Molecular rearrangements in homogeneous gas‐phase elimination reactions. Pyrolysis kinetics of alkyl methanesulphonates

The rates of elimination of several alkyl methanesulphonates were determined in a seasoned, static reaction vessel over the temperature range 300–420°C and the pressure range 28–163 Torr. The reactions are homogeneous, unimolecular and follow a first‐order rate law.
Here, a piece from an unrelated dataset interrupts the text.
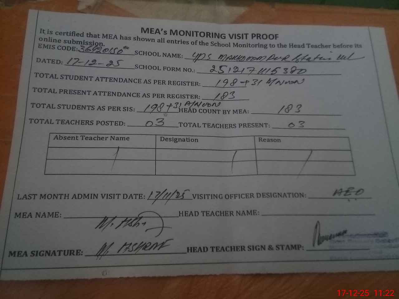 | Attendance Register | Head Teacher | MEA with School | Visit Proof |
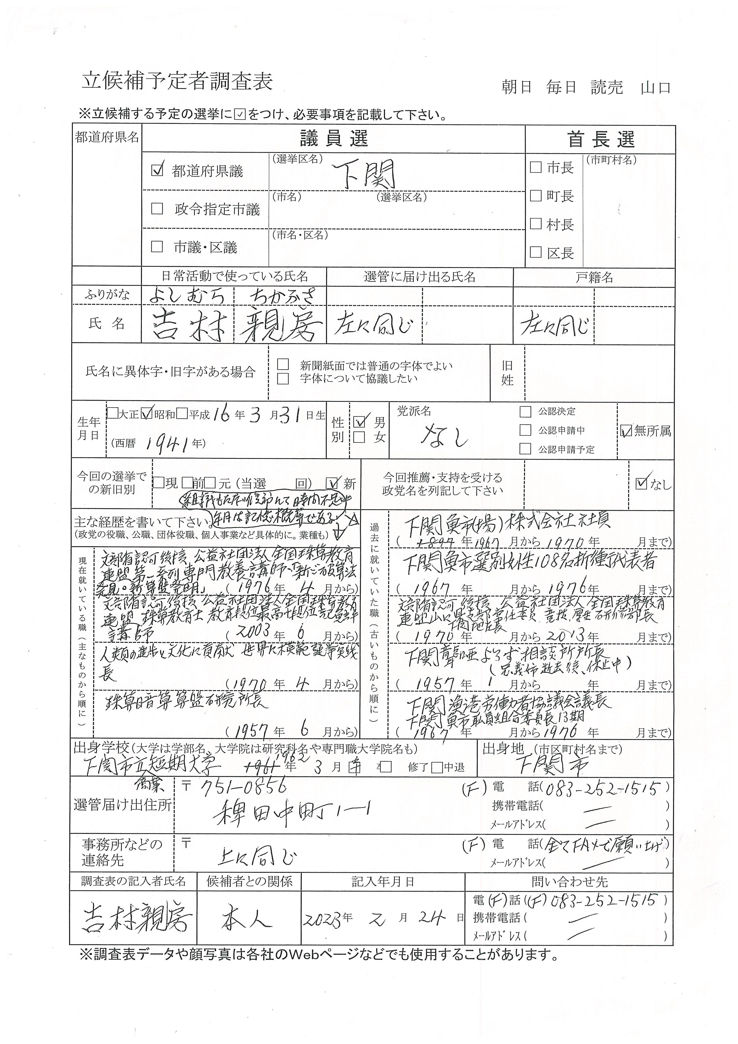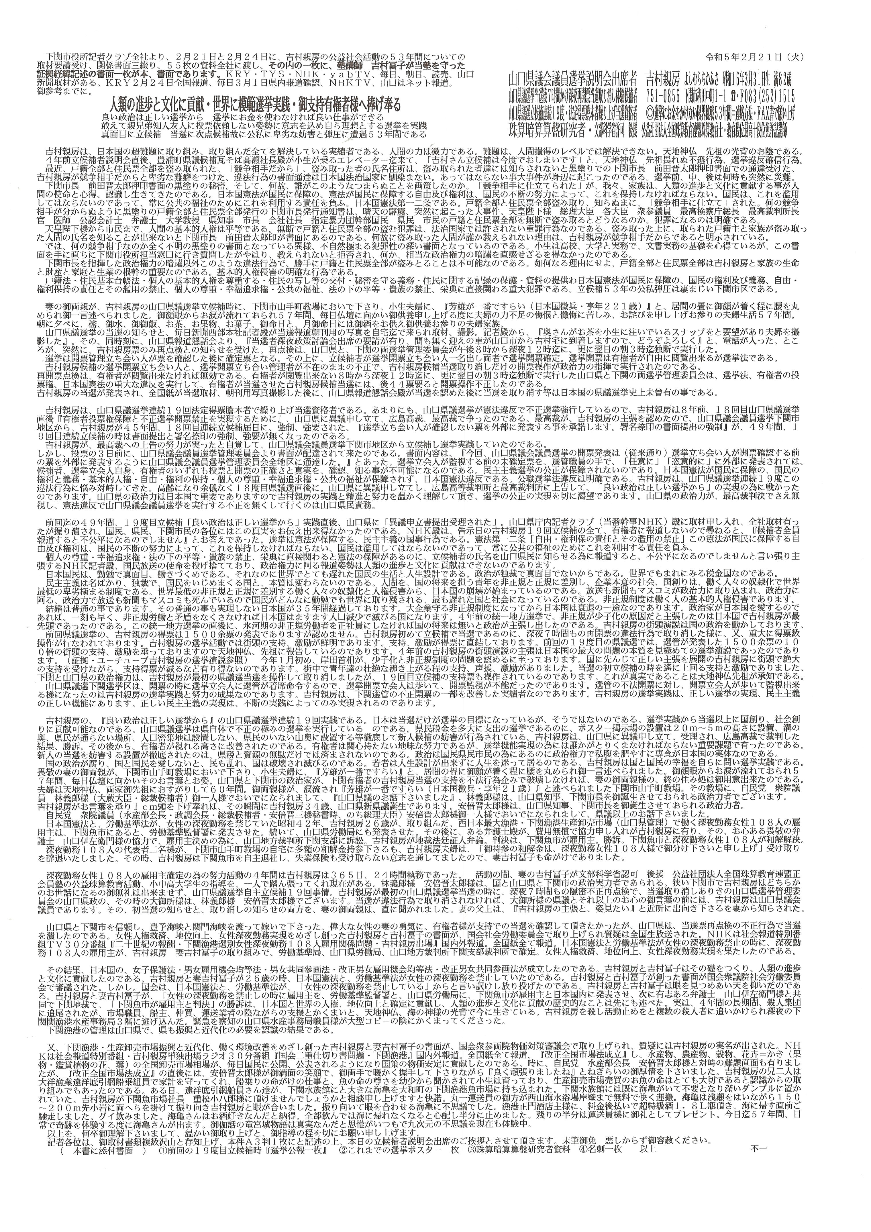 以下に、令和5年2月24日に下関市役所で行なわれた、新聞各社とテレビ局各社による吉村親房の山口県議会議員選挙立候補の共同記者会で吉村親房が報道各社にお渡しした書面です。

The overall rate coefficients are given by the following equations: for isobutyl methanesulphonate, log k 1 (s −1 ) = (12·51 ± 0·38) − (177·0 ± 2·1) kJ mol −1 (2·303 RT ) −1 ; for 2‐phenyl‐1‐propyl methanesulphonate, log k 1 (s −1 ) = (12·62 ± 0·04) − (176·2 ± 0·5) kJ mol −1 (2·303 RT ) −1 ; for neopentyl methane‐sulphonate, log k 1 (s −1 ) = (13·35 ± 0·42) − (198·2 ± 5·2) kJ mol −1 (2·303 RT ) −1 ; and for 3‐chloro‐2,2‐dimethyl‐1‐propyl methanesulphonate, log k 1 (s −1 ) = (13·87 ± 0·42) − (218·2 ± 5·4) kJ mol −1 (2·303 RT ) −1 . Rearrangements in these methanesulphonate pyrolyses may proceed via an intimate ion‐pair type of mechanism. Consequently, the results appear to confirm that intramolecular migration through autosolvation is possible in gas‐phase elimination reactions of certain types of organic molecules.